■ PROBLEM STATEMENT: Please copy exactly the part of the records below that opens with the line containing "Berging/bijkeuken met witgoedaansluitingen" and closes with the line containing "I’m totally into", leaving out any pictures.

■ DATASET:
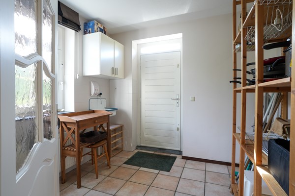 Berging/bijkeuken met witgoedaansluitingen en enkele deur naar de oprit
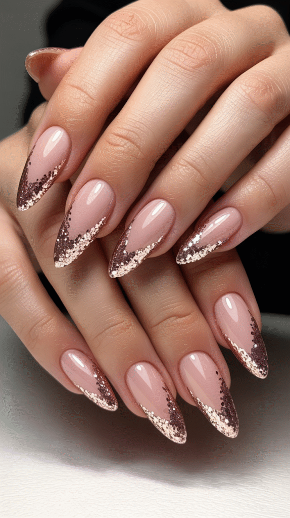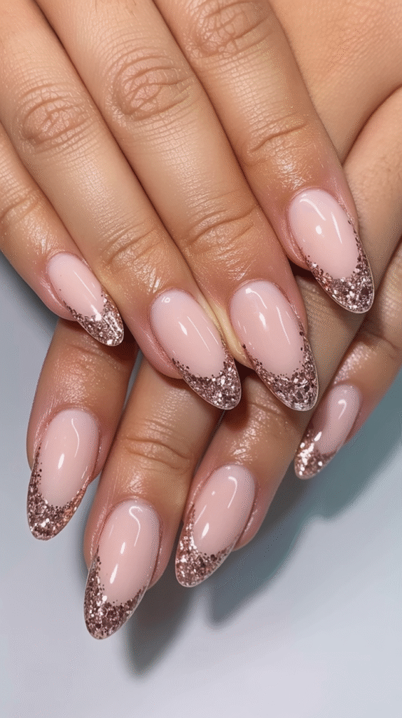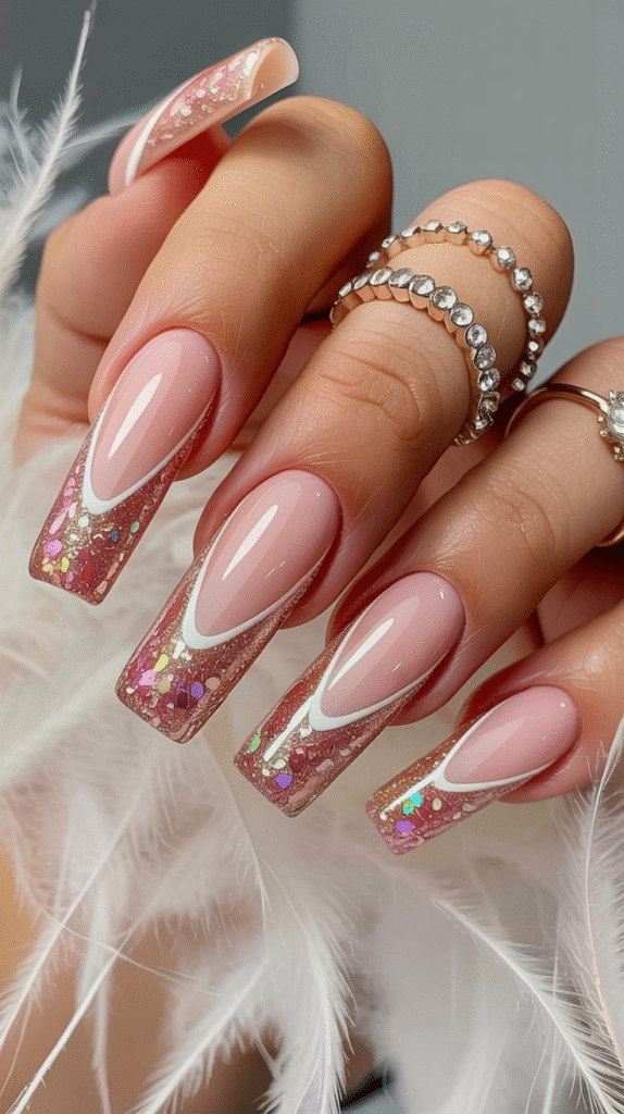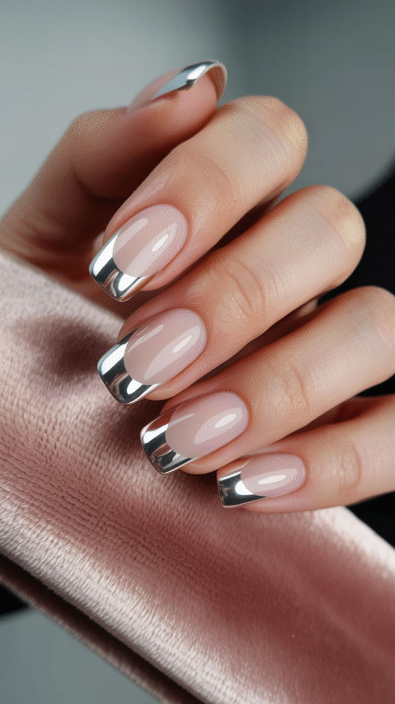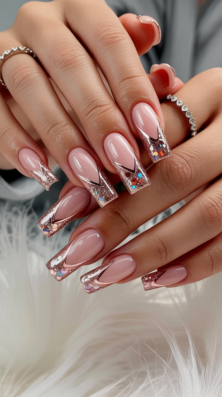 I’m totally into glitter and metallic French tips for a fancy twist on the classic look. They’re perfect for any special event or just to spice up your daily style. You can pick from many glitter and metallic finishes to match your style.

* * *

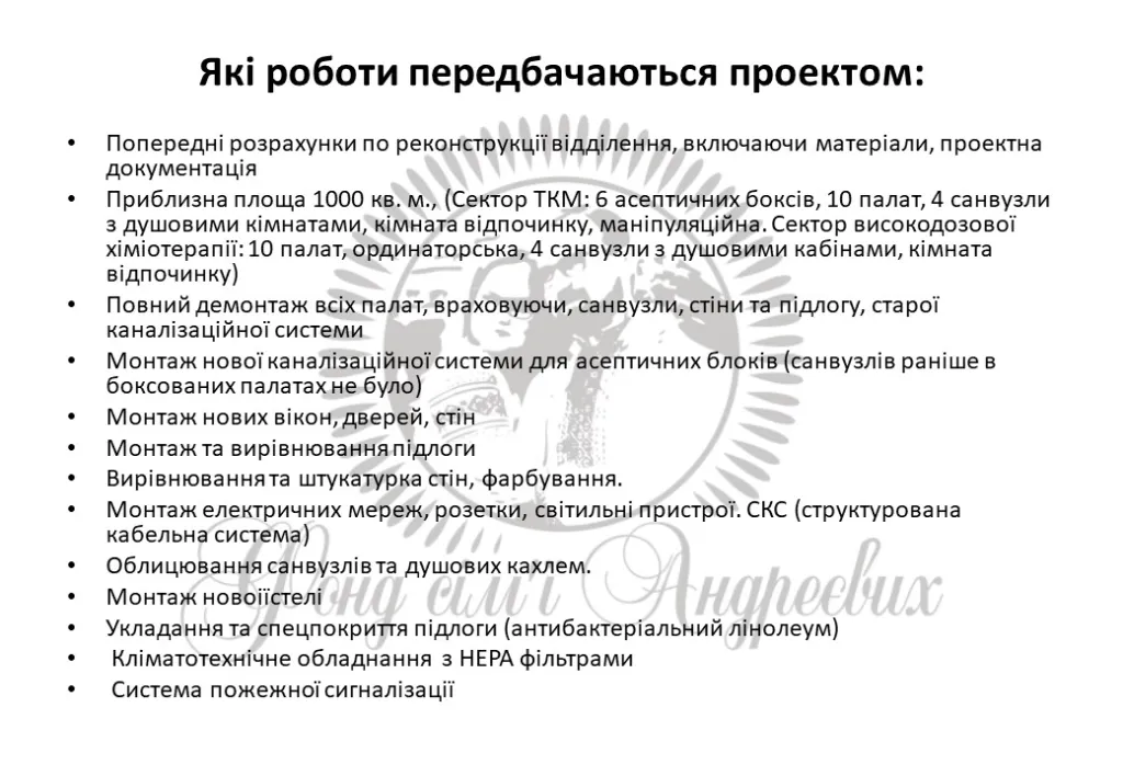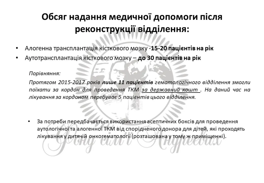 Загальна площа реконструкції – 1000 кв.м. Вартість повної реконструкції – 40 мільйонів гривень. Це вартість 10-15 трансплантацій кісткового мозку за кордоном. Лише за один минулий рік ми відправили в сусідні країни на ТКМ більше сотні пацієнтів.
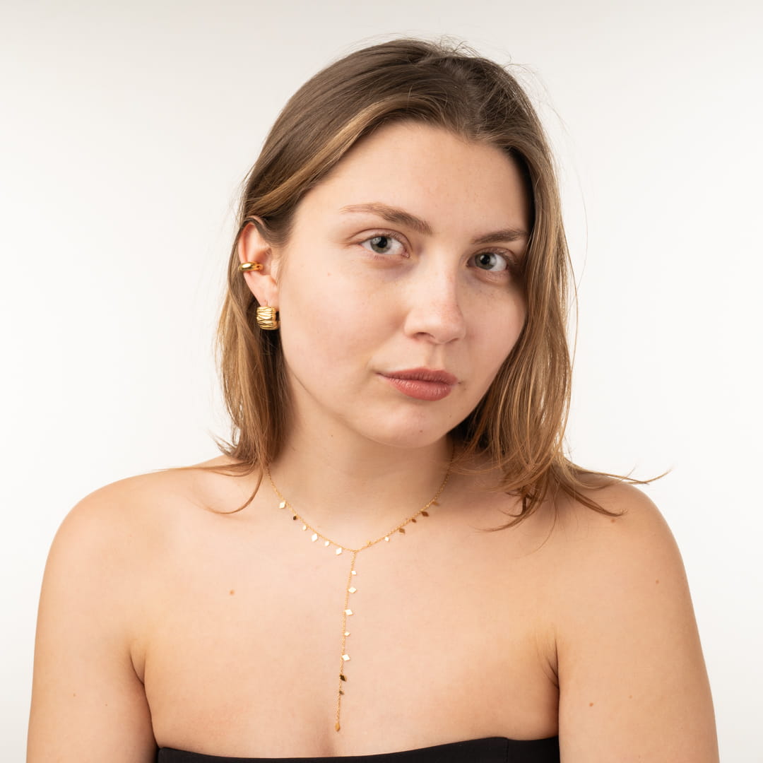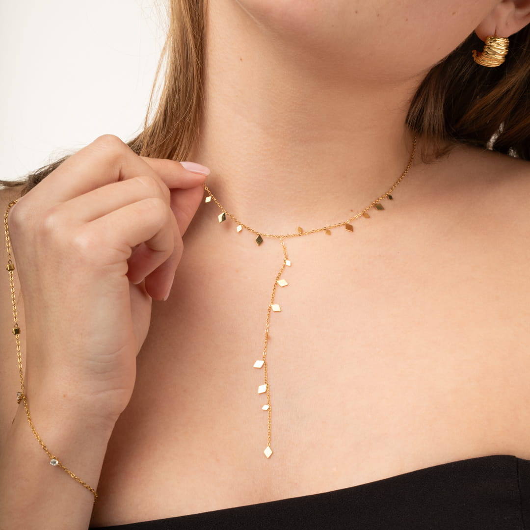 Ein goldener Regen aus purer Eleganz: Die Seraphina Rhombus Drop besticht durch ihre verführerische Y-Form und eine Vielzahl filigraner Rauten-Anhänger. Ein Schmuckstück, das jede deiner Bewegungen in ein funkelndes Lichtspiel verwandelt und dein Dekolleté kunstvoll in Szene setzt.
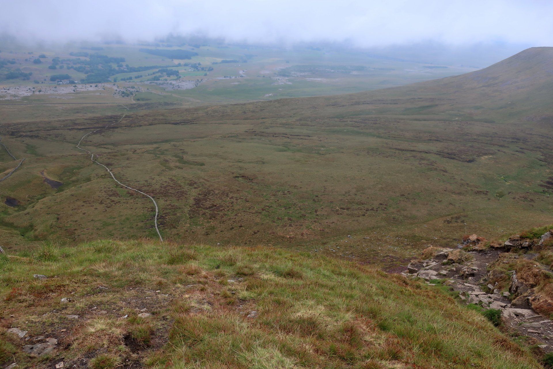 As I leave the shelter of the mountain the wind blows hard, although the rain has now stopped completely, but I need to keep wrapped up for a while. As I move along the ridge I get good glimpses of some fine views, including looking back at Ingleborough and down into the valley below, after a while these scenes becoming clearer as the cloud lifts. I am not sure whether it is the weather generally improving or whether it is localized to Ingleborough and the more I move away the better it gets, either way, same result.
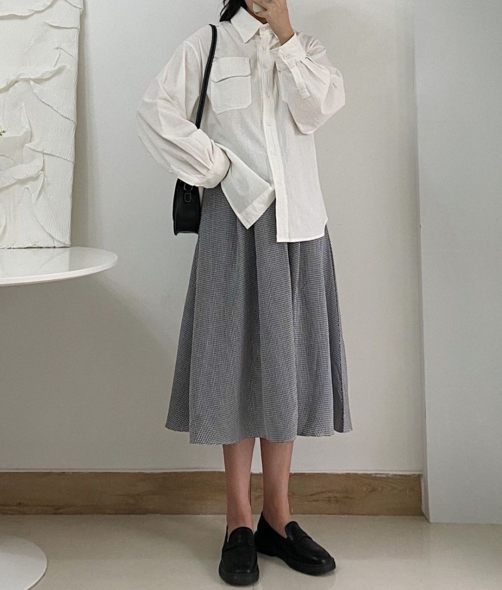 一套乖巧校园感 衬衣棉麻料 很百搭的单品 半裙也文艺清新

■ THE COMPLETED TASK:
 Berging/bijkeuken met witgoedaansluitingen en enkele deur naar de oprit
 I’m totally into glitter and metallic French tips for a fancy twist on the classic look. They’re perfect for any special event or just to spice up your daily style. You can pick from many glitter and metallic finishes to match your style.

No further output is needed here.